= Beginning of Section =

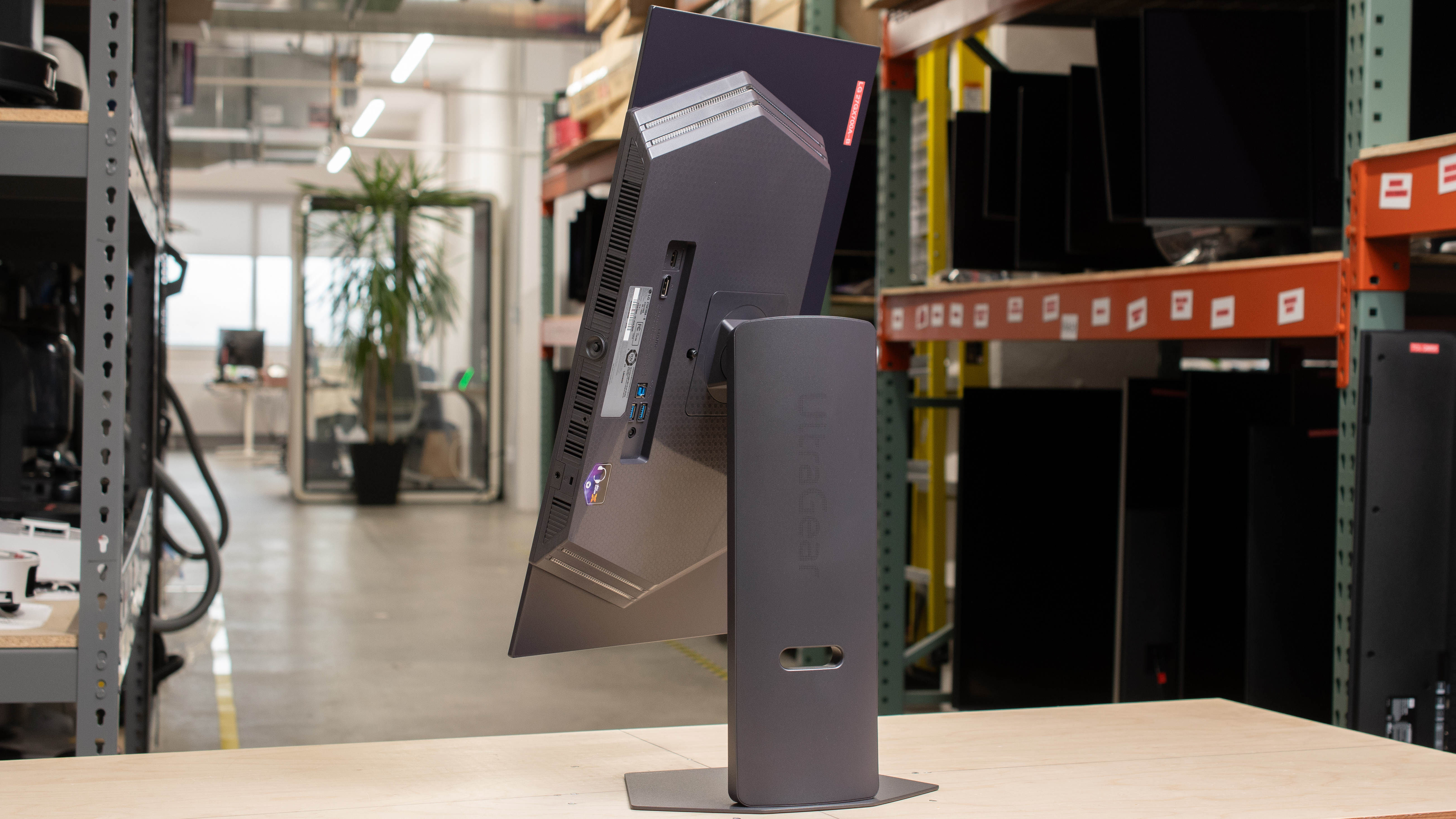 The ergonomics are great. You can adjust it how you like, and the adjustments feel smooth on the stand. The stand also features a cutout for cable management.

= End of Section =
= Beginning of Section =

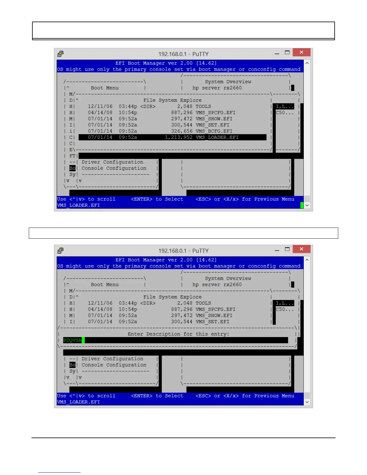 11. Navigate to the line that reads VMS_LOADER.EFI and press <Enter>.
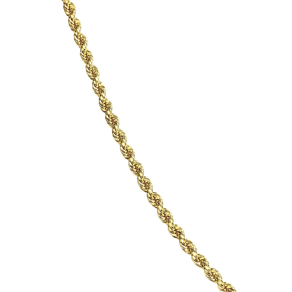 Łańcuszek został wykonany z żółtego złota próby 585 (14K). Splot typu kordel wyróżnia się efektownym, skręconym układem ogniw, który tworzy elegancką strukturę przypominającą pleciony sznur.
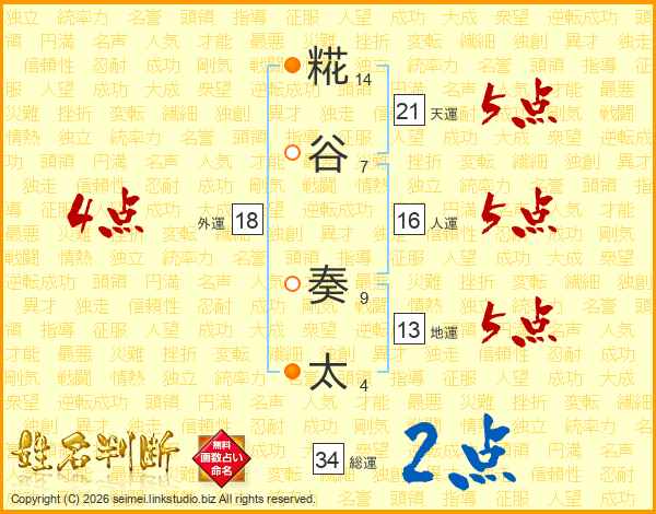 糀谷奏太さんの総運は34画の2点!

= End of Section =

__Assigned task__: For this exercise, please set down exactly the lines of the listing above from the line with "11. Navigate to" up to and including the line with "Łańcuszek został wykonany", and no pictures.

__Task output__:
 11. Navigate to the line that reads VMS_LOADER.EFI and press <Enter>.
 Łańcuszek został wykonany z żółtego złota próby 585 (14K). Splot typu kordel wyróżnia się efektownym, skręconym układem ogniw, który tworzy elegancką strukturę przypominającą pleciony sznur.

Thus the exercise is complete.